The Problem: Claude Cowork Project Sessions Are Silos

Claude Cowork runs each project in its own sandboxed environment. Files you create in one project are not accessible from another. Claude Cowork project session transcripts are written to audit.jsonl under the host filesystem at ~/Library/Application Support/Claude/local-agent-mode-sessions/, but there is no built-in mechanism to search them, share them across projects, or even browse them from inside a session.

If you do serious work inside Cowork – debugging, architecture planning, writing – that knowledge evaporates when the sandbox recycles. You can reopen the same project and pick up where you left off, but you cannot ask “what did I decide about this in the timezone scheduler project?” from inside the the project or from another project.

Cross-project session memory is a genuine gap. The solution I arrived at: a Cloudflare Worker that acts as a remote MCP server, giving any Cowork project read access to a shared session archive – plus the ability to back up Claude Cowork project sessions to that archive from within Cowork itself. The MCP does not touch or overwrite Cowork’s own local session files; it is a cloud backup layer, not a replacement for the local transcript.
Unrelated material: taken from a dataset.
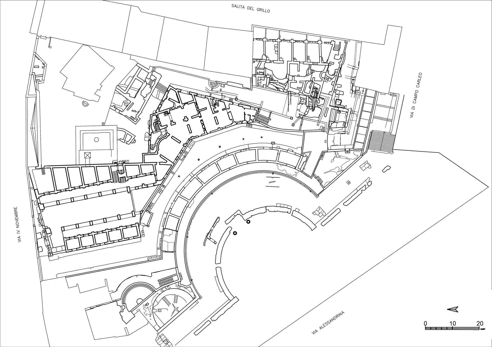 figura 82 - “Mercati” di Traiano. Pianta d’insieme vettoriale (M.Bianchini, in AA.VV., op cit. a
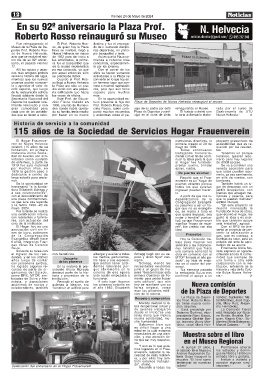Deporte ha quedado tota- ción Física titulado en tuvo presente la hija del Plaza de Deportes de Nueva Helvecia reinauguró el museo

Planning the Architecture (Inside Cowork)

The planning session happened entirely inside a Claude Cowork project. I started by asking where Cowork actually stores session logs and confirming that a remote approach was the only option that would survive sandbox recycling.

From there, the architecture evolved through five iterations:

Five approaches considered:
- MCP server only (stateless, no persistence)
- MCP server plus a host-side file watcher
- MCP server plus a Cowork scheduled task
- Plugin (MCP + skill bundled together)
- Pure skill using raw curl calls, no MCP

I settled on option 4, a plugin architecture. Cloudflare’s platform was already connected to my Cowork environment via the Cloudflare MCP, giving me native Cloudflare R2, Cloudflare D1, and Cloudflare AI Search bindings without building from scratch. The skill handles orchestration on the Cowork side; the remote Cloudflare Worker MCP server handles storage and retrieval.

The storage stack:

Cloudflare R2: raw session JSONL archives under sessions/<project>/<session>.jsonl and search-ready indexed text under indexed/<project>/<session>.txt
Cloudflare D1: SQLite metadata index for fast listing, deduplication via content hash, and sync-state tracking
Cloudflare AI Search (AutoRAG): semantic vector search across indexed text – handles chunking, embedding via Cloudflare Workers AI, and retrieval
Cloudflare Workers: the MCP server itself, exposing 5 tools over Streamable HTTP

Why remote hosting over local? env.AI.autorag() only works inside a Cloudflare Worker. Since semantic search was a core requirement, remote was the only viable path. Security was handled with bearer token auth and an Origin allowlist.

The preprocessing insight: Cloudflare AI Search indexes prose better than raw JSON. So the Cloudflare Worker pre-processes JSONL into clean human-readable text before landing it in indexed/. The raw archive under sessions/ stays byte-for-byte exact. Two copies: one for retrieval, one for accuracy.

The sync gap that almost got missed: The original plan assumed Cloudflare AI Search indexed uploads in near-real time. A cross-model review (more on this shortly) caught that the default indexing cycle is every 6 hours. Cloudflare added a manual sync API in June 2025 with a 30-second cooldown. The Cloudflare Worker now calls that API after every backup.

Five Formal Planning Documents

Before any code was written, the planning session produced five structured documents:

Architecture Overview – ASCII system diagram, component descriptions, three data flow paths (backup, search, cross-project read), security model, and storage constraints.

Architecture Decision Record (ADR) – Four options compared across dimensions: binding availability, cross-project access, semantic search capability, operational complexity. The remote Cloudflare Worker approach won on all four.

Product Requirements Document (PDR) – Ten user stories (five P0, two P1, three P2), functional requirements for all five MCP tools, and non-functional targets for latency and storage.

Technical Design Document (TDD) – Full implementation spec: project structure, wrangler.jsonc, TypeScript Env interface, pseudocode for all five MCP tools, Cloudflare D1 schema, JSONL preprocessing logic, auth, Cloudflare AI Search config, error handling, deployment steps, test strategy.

Implementation Handoff – Seven-phase plan with verification checkpoints, “What NOT to Do” guardrails for the implementor, and open questions.

The journaling system was designed alongside the docs. A lightweight CLAUDE-history.md index tracks every meaningful state change in a What / Why / Details / Outcome format, with each entry as a separate file in history/. The guiding question for what gets logged: “Would this be interesting or useful context in a Substack article?” That constraint kept the history signal-rich rather than noisy.

The Quota Moment: Handing Off to Codex

The plan was to hand implementation off to Claude Code CLI. I had a complete TDD, a phased handoff document, and a journaling system Claude Code could update as it built. Clean handoff.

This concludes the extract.